Jede Spur, die ein User im Internet hinterlasse, werde - so Marwan sinngemäß - nach Mustern abgeklopft: "Die Googles dieser Welt analysieren so das Verhalten und die fachliche Kompetenz von Millionen Menschen" - diese Transparenz könne man gleichermaßen positiv und negativ sehen, sagt er.

Community bewertet

Für jemanden, der auf der Suche nach zum Beispiel einem guten Softwareentwickler sei, bestehe über die Form der Datenanalyse die Möglichkeit, den oder die Richtige anzusprechen - zum Beispiel auf Expertenplattformen. Dort nämlich werden sehr spezifische Fragen zu - zum Beispiel - Softwareentwicklung gestellt, beantwortet und diese Antworten wiederum von anderen aus der Community bewertet.
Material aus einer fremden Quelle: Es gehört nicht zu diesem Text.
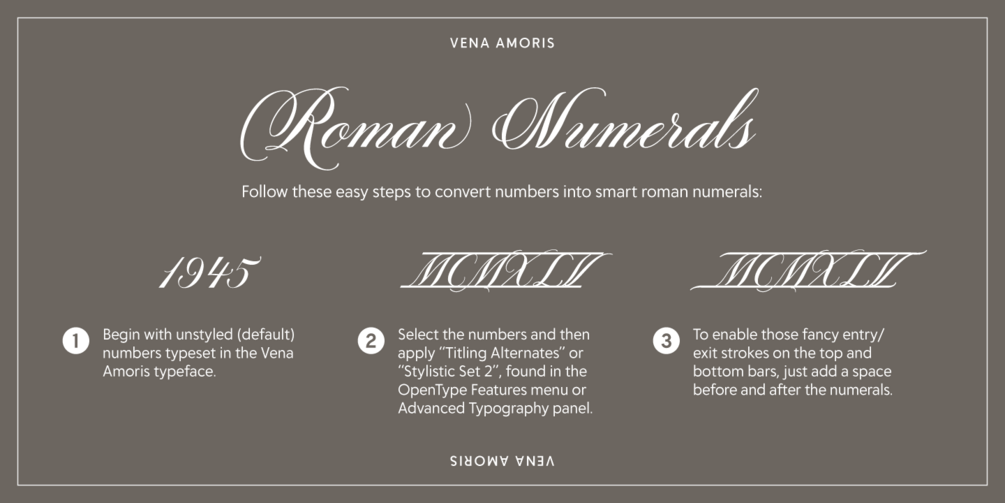 As a digital font, Vena Amoris boasts an extensive Latin-based character set with stylistic and contextual alternates, ligatures swash variants, a set of oldstyle figures, and roman numerals. All driven by cleverly applied OpenType features allowing you to effortlessly add harmony and calligraphic beauty to your layout.

So entstehe eine Art Feedbackpyramide, die relativ genaue Hinweise darauf gebe, wer auf dieser Plattform der bessere Softwareentwickler sei, erklärt Marwan. In einer Zeit, in der Techniker allgemein immer häufiger angesprochen werden müssen, weil diese entweder nicht wechselbereit oder nicht auf Jobsuche seien, werde diese Form der Kandidatenidentifizierung immer häufiger angewendet.

Wenig bleibt unsichtbar

Eine andere Form wäre die Kandidatensuche über Twitter - sinngemäß und kurzgefasst nach dem Motto: Kann oder möchte der angesprochene Kandidat nicht, schaut man sich seine Follower an. In fachlichen Bereichen, die sich stärker auf neue Technologien fokussieren als andere, sei die Trefferquote höher als in anderen, weniger technikaffinen, sagt Marwan. Die IT sehe er aber stets als Gradmesser - auch auf die Gefahr hin, dass sich nicht alle Themen, die zunächst wichtig schienen, dann auch wirklich durchsetzen, so Marwan weiter.
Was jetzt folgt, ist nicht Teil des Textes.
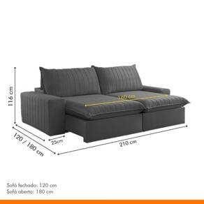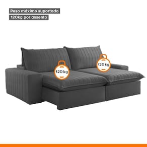 O assento de pillow com espuma elástica e costura matelado. Possui mecanismo retrátil em aço que permite abertura do sofá para seu bem-estar.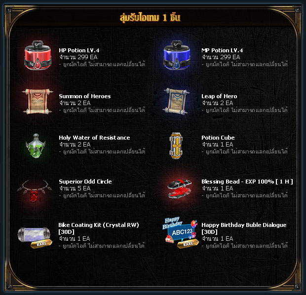 - ผู้เล่นจะต้องมีตัวละครภายในไอดีดังกล่าว อย่างน้อย 1 ตัว จึงจะรับไอเทมจากกิจกรรมได้

Eine Kandidatensuche via Twitter scheint aber die Variante für Fortgeschrittene zu sein - vor allem in Unternehmen, von denen nach wie vor viele mit Facebook und seinen Konsequenzen "kämpfen". Das von ePunkt zum Thema Social Media Recruiting verfasste White Paper aus dem Jahr 2012 sei, so Marwan, "eigentlich schon ein alter Hut", aber deshalb noch lange nicht in genug Unternehmensrealitäten gelandet. Kommunikation auf diesen Plattformen funktioniere anders, sei im traditionellen Sinn auch nicht mehr kontrollierbar. Das haben viele noch nicht verstanden.
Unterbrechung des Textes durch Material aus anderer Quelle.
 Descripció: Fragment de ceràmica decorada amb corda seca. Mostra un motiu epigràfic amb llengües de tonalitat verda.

Kurz: " Heute ist es nicht mehr möglich, ein schlechter Arbeitgeber zu sein und zu glauben, niemand würde davon erfahren", so Marwan. Wenn einem daran liege, als attraktiver Arbeitgeber wahrgenommen zu werden, müsse daran gearbeitet werden, einer zu sein. Mit Größe oder entsprechenden Werbebudgets sei da nicht mehr viel zu machen. Eine positive Entwicklung sehe er darin aber für all jene, die sich des Werts ihrer Mitarbeiter bewusst seien und sich um diese bemühen, die aber von sich aus nicht klotzen würden, weil es über Social Media nun andere für sie tun, grinst er.

Komplexität steigt weiter

Die erhöhte Transparenz bringe allerdings auch hohe Komplexität mit sich. Die Vielzahl an Sourcing-Kanälen mache es nicht nur dem Profi schwer, die Wahl des richtigen Kanals zu treffen. Marwan: "Besonders für kleinere und mittlere Unternehmen, die keine riesigen Recruitingabteilungen haben oder Personal, das sich speziell mit diesen eRecruiting-Themen befasst, ist es diesbezüglich schwer, am Ball zu bleiben."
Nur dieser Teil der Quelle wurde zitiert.